Now, where the vessel is not partnership property, according to the clear weight of authority in this country, one part owner has no lien for his advances and disbursements upon the share of his coöwner. Nor does it make any difference that the part owner making such advances was also the ship's husband. In treating of this subject, Mr. Justice Curtis, in the case of the Larch, 2 Curt. 434, State, after remarking that in England the law is now settled against the existence of the lien, said:
"There has been some diversity of decision in this country, but I think it has proceeded from diversity in the views taken of the particular facts of the cases, rather than from any real difference in principles. That the owners of a vessel may be copartners in respect to that, as well as any other property, and that, when they are so, each has a lien, can not be doubted. But where no such special relation exists, where they are merely part owners, and as such tenants in common, that one has no lien on the share of another for advances, I believe to be equally clear."
3. Corporations.—
Corporations organized under state laws may be the owners of American vessels. A corporation is a legal person having an individuality distinct from all its stockholders. It is the corporation, and not the stockholders, who owns the corporation property. For that reason the Attorney General has expressed the opinion (29 Op. 188) in a case in which a vessel was owned by a corporation of the State of New York, a majority of whose stock was held by aliens and whose directors were all aliens, except three, that, under the laws, so long as the corporation was legally organized and existing as an American corporation under the laws of New York, a vessel owned by it was entitled to American registry.
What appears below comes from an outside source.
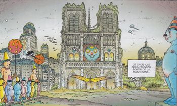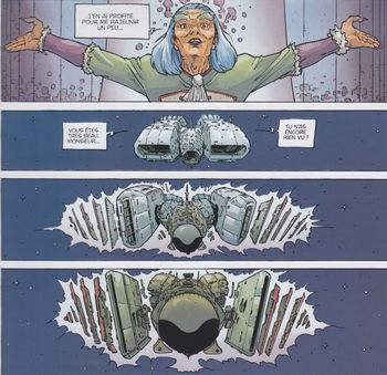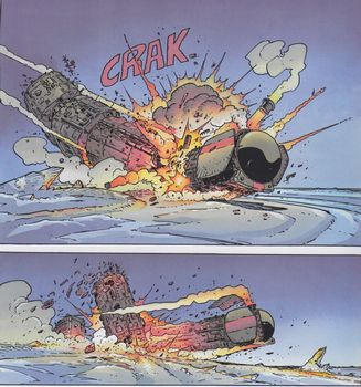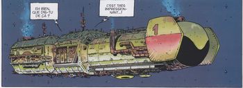 remarques: | les occupants du vaisseau spatial: - Suzie Ho botaniste-zoologue, - Tom Mac-Nell astro-physicien, - Max Lepsky biogénéticien, - Paule Latout psychosociologue, - Albert BD le robot de service, - Puce l'extra-terrestre et - mascotte, IC-One l'ordinateur central (ce sont peut'être les nouveaux pionniers de l'espace) la Terre n'est plus qu'une poubelle et le vaisseau spatial s'échoue dans les fonds de l'océan où il menace de se désagréger, mais les personnages (esprits) de Mortelune dont surtout Barnabé arrivent à la rescousse et Nicolas imaginera même une cité aquatique où les cosmonautes pourront se réfugier >> p. 23 on y revoit aussi la loco-machine du duc Malik qui s'écrase et se désagrège au sol la série se désagrège aussi, Nicolas en tant que Dieu, Malik en tant que Diable, c'est la lutte entre le Bien et le Mal, la guerre des dieux, mais ni le graphisme ni le scenario ne sont plus très convaincants la série continue avec trois autres volumes (non collectionnés ici ) - la mort de Nicolas (1997) - de profundis (1998) - la recherche du temps perdu (2000) |

It is unlawful, without obtaining permission of the Shipping Board, to place under foreign registry, a vessel owned wholly or in part by an American corporation or to transfer such vessel to any person other than a citizen (Merchant Marine Act, 1920. See Appendix), and within the meaning of that act no corporation is deemed a citizen unless the stock control and management are vested in individual Americans. To enable a corporate-owned vessel to engage in the coasting trade, 75 per cent of the interest in the corporation must be American owned.
4. Majority Interest.—
The majority interest will usually control, whether the title is in a corporation or individuals. Thus the majority may direct or change the employment of the vessel, pledge her for supplies or repairs, and employ or dismiss the master and crew. If the master be also a part-owner, the majority still has the right to remove him, unless there is a valid written agreement to the contrary. In the Orleans v. Phœbus, 11 Peters, (U. S.) 175, it appeared that Phœbus was master and owner of one-sixth of the steamboat Orleans. He alleged that he had been dispossessed by the owners of the other five sixths, who were operating the vessel against his wishes. Speaking for the Supreme Court, Justice Story said:
The majority of the owners have a right to employ the ship in such voyages as they may please; giving a stipulation to the dissenting owners for the safe return of the ship, if the latter, upon a proper libel filed in the admiralty, require it. And the minority of the owners may employ the ship in the like manner, if the majority decline to employ her at all.
Similarly Justice Clifford, in The Wm. Bagaley, 5 Wall. 377:
Even where the part owners of a ship are tenants in common, the majority in interest appoint the master and control the ship, unless they have surrendered that right by agreeing in the choice of the ship's husband as managing owner.